***** Information provided

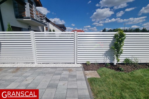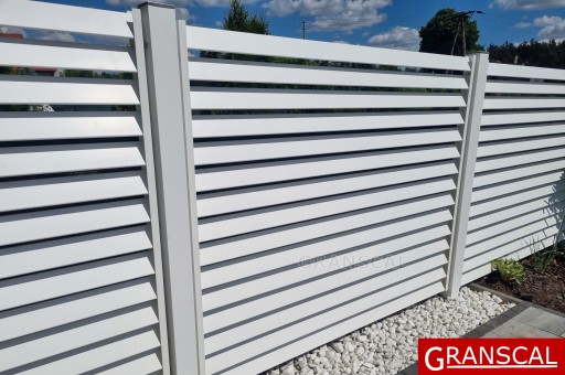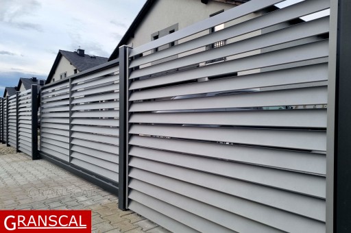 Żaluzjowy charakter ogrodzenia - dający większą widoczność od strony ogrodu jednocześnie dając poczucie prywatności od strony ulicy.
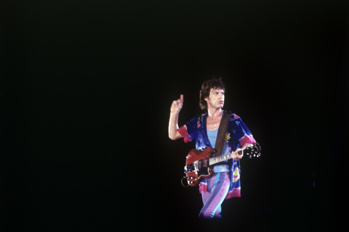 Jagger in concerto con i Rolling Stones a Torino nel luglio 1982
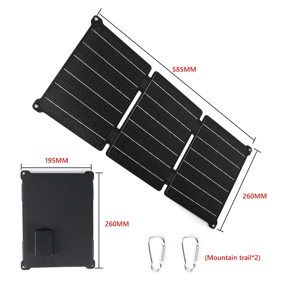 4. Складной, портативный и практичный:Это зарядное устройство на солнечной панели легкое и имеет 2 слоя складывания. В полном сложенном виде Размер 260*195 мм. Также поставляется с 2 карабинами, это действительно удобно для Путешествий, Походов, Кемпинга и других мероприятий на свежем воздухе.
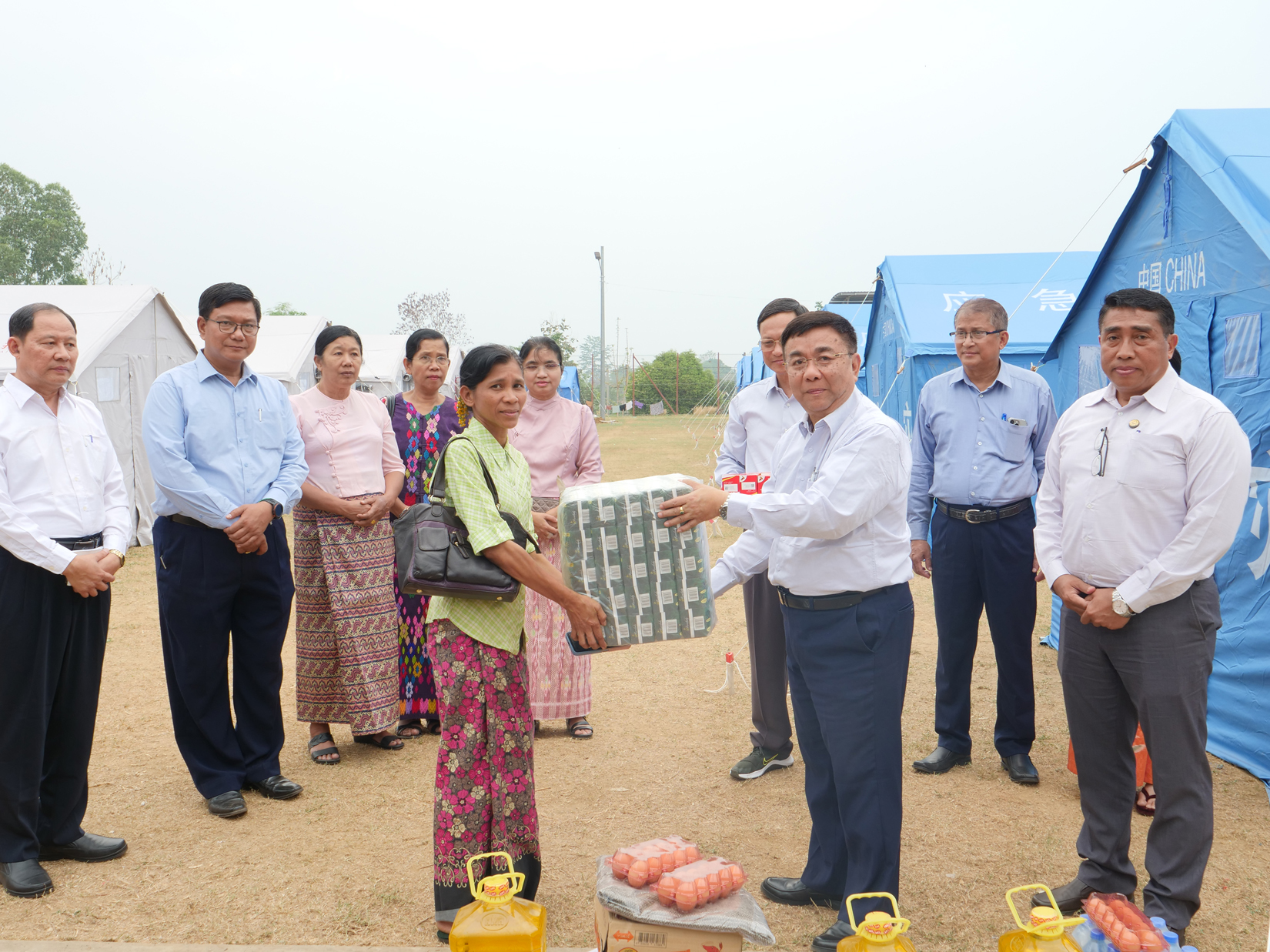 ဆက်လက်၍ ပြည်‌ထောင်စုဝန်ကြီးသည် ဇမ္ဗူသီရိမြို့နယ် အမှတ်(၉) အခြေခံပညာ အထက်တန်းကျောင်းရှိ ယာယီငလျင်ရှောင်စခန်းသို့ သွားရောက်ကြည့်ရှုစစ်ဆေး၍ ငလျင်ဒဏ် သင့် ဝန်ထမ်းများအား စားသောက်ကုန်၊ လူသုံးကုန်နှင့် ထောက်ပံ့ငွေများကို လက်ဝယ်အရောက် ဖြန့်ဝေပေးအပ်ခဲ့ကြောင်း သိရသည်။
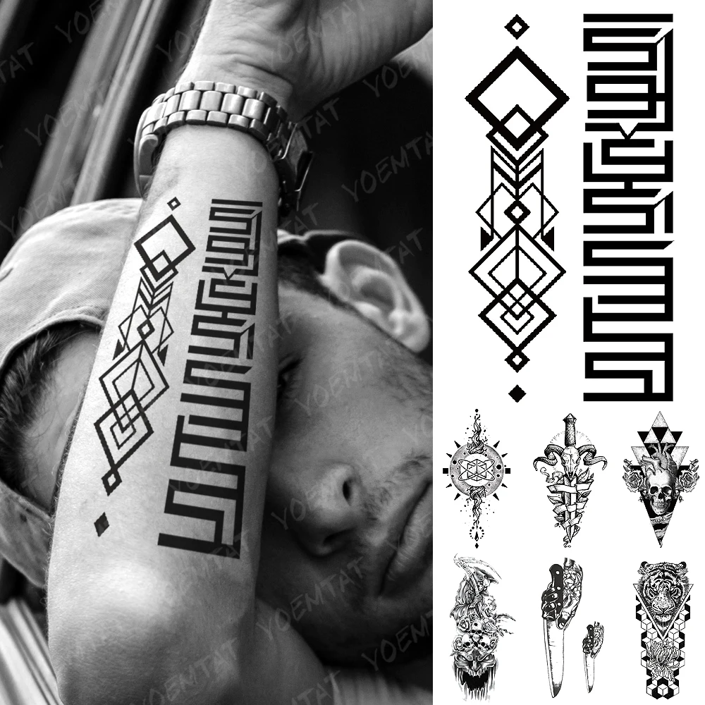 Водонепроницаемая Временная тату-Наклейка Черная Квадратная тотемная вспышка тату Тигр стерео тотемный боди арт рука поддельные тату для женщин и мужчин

**********
***** Information provided

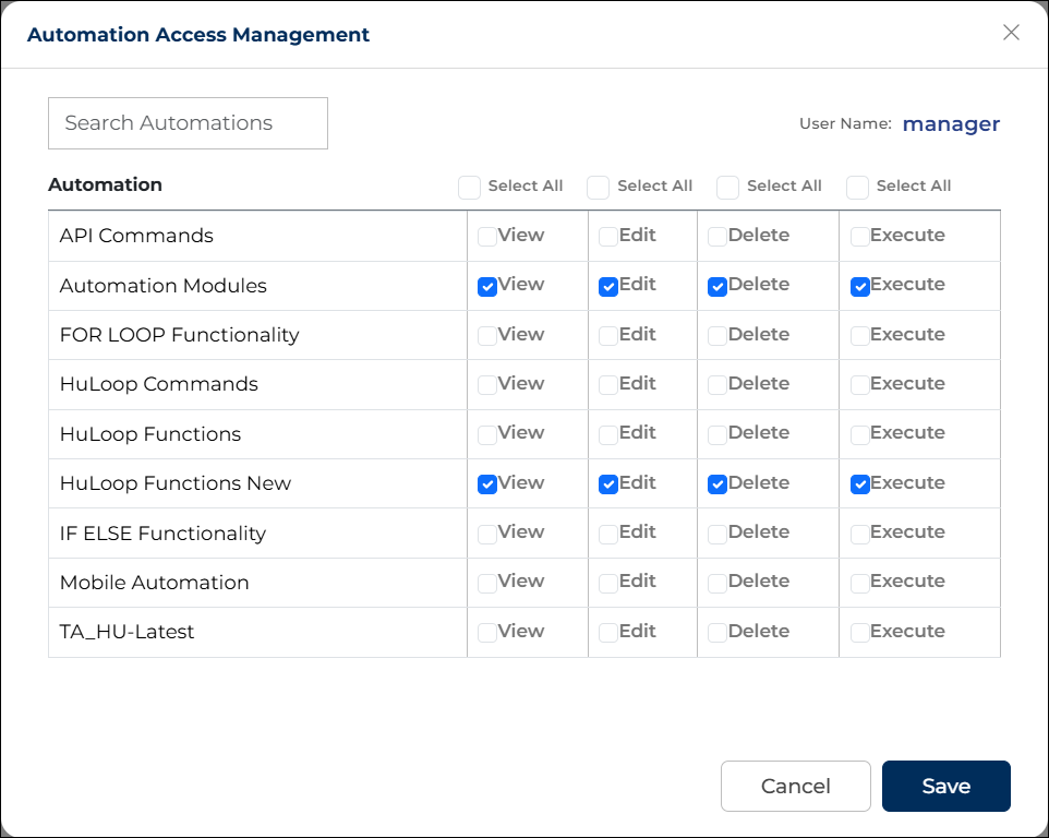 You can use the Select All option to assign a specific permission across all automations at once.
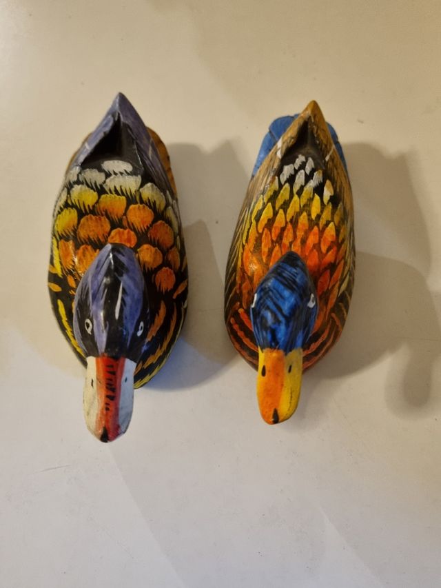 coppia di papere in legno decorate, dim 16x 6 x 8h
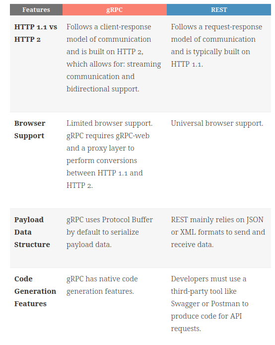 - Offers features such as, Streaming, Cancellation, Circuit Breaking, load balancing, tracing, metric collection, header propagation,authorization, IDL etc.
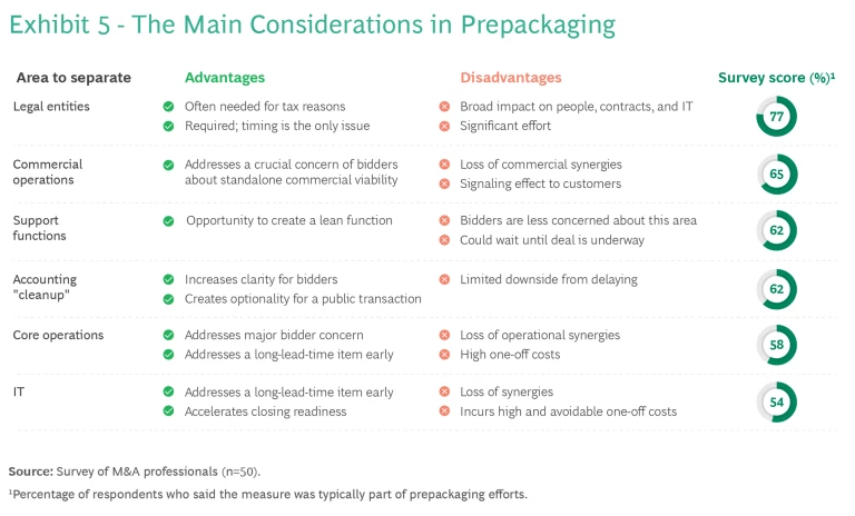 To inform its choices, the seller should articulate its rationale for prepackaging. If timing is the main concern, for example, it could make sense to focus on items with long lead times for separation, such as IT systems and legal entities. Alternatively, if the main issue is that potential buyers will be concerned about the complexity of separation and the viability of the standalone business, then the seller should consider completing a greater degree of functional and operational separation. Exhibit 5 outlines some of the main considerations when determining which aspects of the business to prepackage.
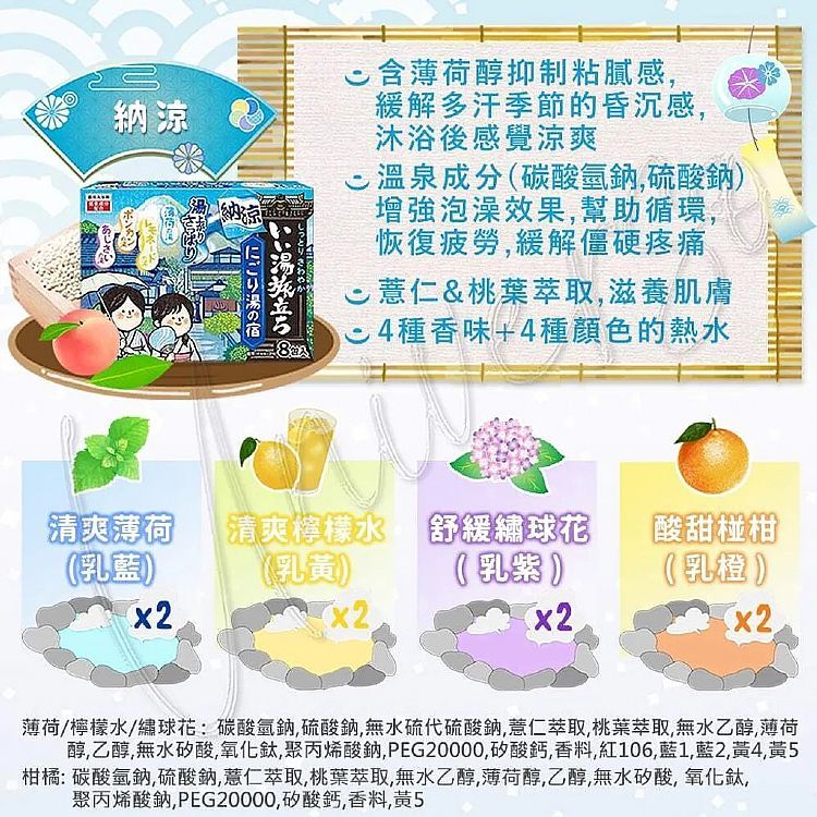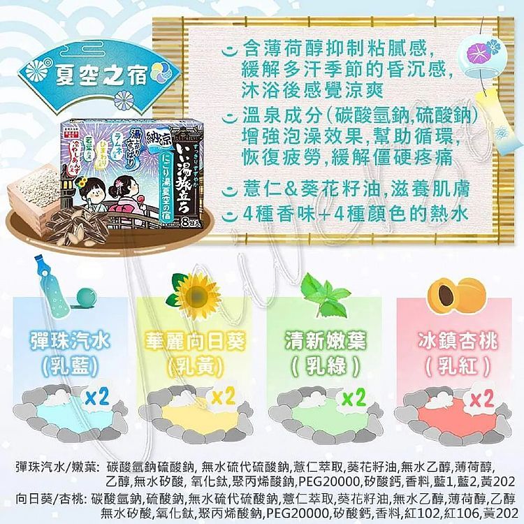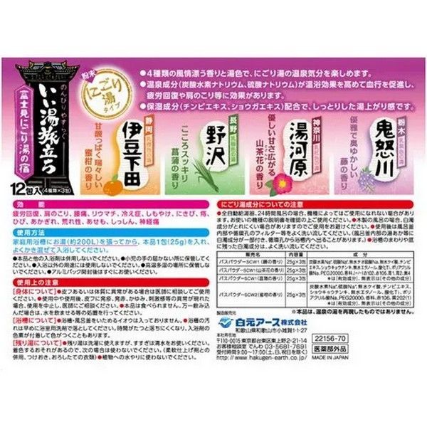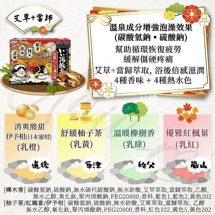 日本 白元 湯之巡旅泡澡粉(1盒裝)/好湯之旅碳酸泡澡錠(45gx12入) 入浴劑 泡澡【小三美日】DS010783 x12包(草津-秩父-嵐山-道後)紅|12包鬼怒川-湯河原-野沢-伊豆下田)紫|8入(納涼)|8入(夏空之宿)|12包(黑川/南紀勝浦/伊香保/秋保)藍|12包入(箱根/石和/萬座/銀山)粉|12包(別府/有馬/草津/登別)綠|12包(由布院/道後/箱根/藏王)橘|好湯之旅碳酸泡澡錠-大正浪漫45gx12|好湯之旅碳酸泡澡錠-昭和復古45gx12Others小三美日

**********

**Prompt:** Copy word for word the lines of the records above from the one with "Żaluzjowy charakter ogrodzenia" up to and including the one with "Jagger in concerto". Skip the pictures.

**Answer:**
 Żaluzjowy charakter ogrodzenia - dający większą widoczność od strony ogrodu jednocześnie dając poczucie prywatności od strony ulicy.
 Jagger in concerto con i Rolling Stones a Torino nel luglio 1982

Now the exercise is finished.